Emotions are something that follow us our whole lives. We are emotional beings and we regularly express these emotions as we make our way through each day. The ability to express and control emotions is something medical experts call “emotional intelligence.” Emotional intelligence means you have an ability to understand, interpret, and respond to other people’s emotions.
You use emotional intelligence all the time when you gage a friend’s mood or respond with compassion to someone’s suffering. In some ways, emotional intelligence may be even more important than intellectual intelligence.
To rate high on the scale of emotional intelligence, you need to be able to perceive emotions in others. You have to get good at understanding nonverbal signals such as facial expressions and body language. You also have to become good at using emotions as a springboard for thinking. Emotions can dictate what you choose to pay attention to and how you spend your time.

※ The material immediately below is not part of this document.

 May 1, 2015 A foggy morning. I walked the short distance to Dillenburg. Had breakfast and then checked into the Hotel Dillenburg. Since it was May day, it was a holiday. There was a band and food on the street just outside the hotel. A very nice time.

Understanding emotions is another key factor in determining emotional intelligence. Emotions can express a variety of meanings. When someone is angry, they might be mad for many different reasons. Understanding where emotions come from can help you better understand other people.
The last key element of emotional intelligence is managing emotions: yours and those of the people around you. You need to respond appropriately with your own emotions and also when faced with other people’s emotional responses.

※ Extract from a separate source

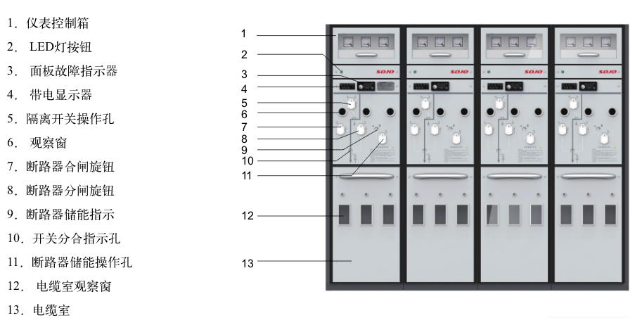 强风沙地区应用:固体开关柜本体清静防护品级 为IP67,,控制回路室接纳特殊处置惩罚确保强风沙地区恒久运行。。

Emotional intelligence can play a big role in how you feel as you age. Researchers from Berkley University have recently discovered that emotional intelligence and cognitive skills can increase when a person reaches their 60s, giving many seniors an advantage when it comes to negotiating relationships. From personal relationships with friends and family to relationships with health-care providers, emotional intelligence is key for making the most out of life. The whole experience of a 60 or 70 year-old is very much about social relationships: caring for and being cared for by others, according to the Berkley research team.
They conducted a study analyzing how 144 healthy adults in their 20s, 40s, and 60s reacted to neutral, sad, and disgusting film clips. It turns out that the seniors were much better at giving negative scenes a more positive spin than the younger participants. Life experience, combined with many lessons learned along the way, all helped to increase the older participant’s ability to make these images less distressing or disturbing.

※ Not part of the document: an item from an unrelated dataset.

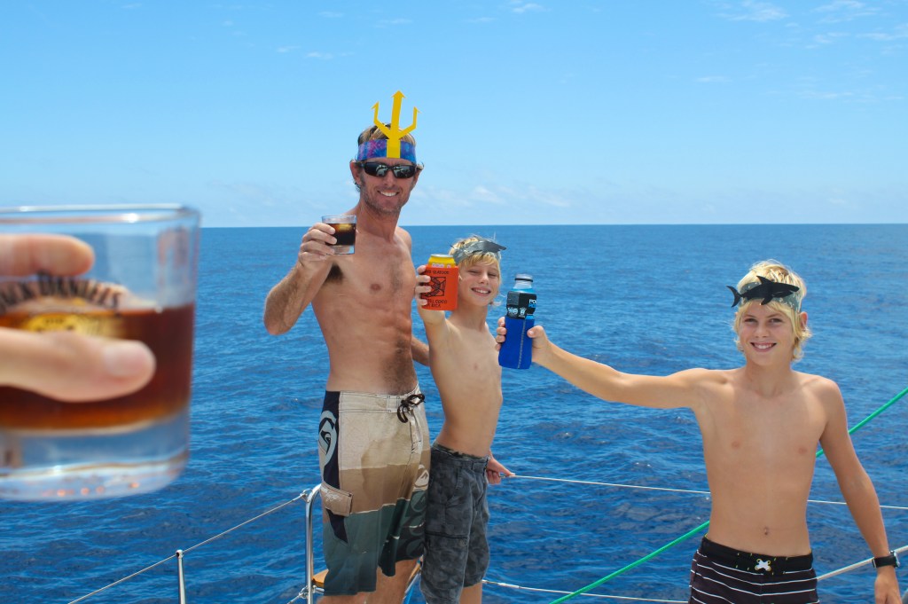 There are now four new shellbacks on board Exodus. We crossed the equator today! We hove-to just after crossing and had a ceremony to toast to Neptune. Then we all cut our hair and gave it to Neptune along with other gifts from each of us. The boys got buzz cuts. I passed on that, but Tim did cut it well above my shoulders. The conditions were very calm so the boys all went for a swim off the stern of the boat. We tied a line and let it trail just in case someone started drifting. We made pizza and cookies, and overall a great day was had by all. The wind is dead and we have about a knot and a half of current against us, so it’s slow going right now. According to the forecast we shouldn’t expect a whole lot of wind until we get down to about 5 deg south. Last night and tonight with winds in about the 5 kt range, we’ve elected to run one of the engines to charge the batteries rather than the generator, since we haven’t motored much we have more of margin on diesel at this point than gasoline (for the generator). And the extra knot or 2 of boat speed we get is nice too when we’re just slogging along.

How does all of this relate to being a healthier senior? Use your superior emotional intelligence to stay socially engaged with people. Use your life experience and try to view stressful situations in a positive light. This emotional ability will carry you to the other side of many of the ups and downs that come with being older and will ultimately enhance the quality of your life.
Make sure you take the time to care for others and to allow others to care for you. Keeping an emotional distance will likely not help you find enjoyment or comfort in the latter part of your life.
Anwar, Y., “Emotional intelligence peaks as we enter our 60s, research suggests,” UC Berkeley News Center web site, Dec. 16, 2010; http://newscenter.berkeley.edu/2010/12/16/agingemotion/, last accessed Nov. 29, 2013.
Sze, J.A., et al., “Greater emotional empathy and prosocial behavior in late life,” Emotion. October 2012; 12(5): 1,129-40.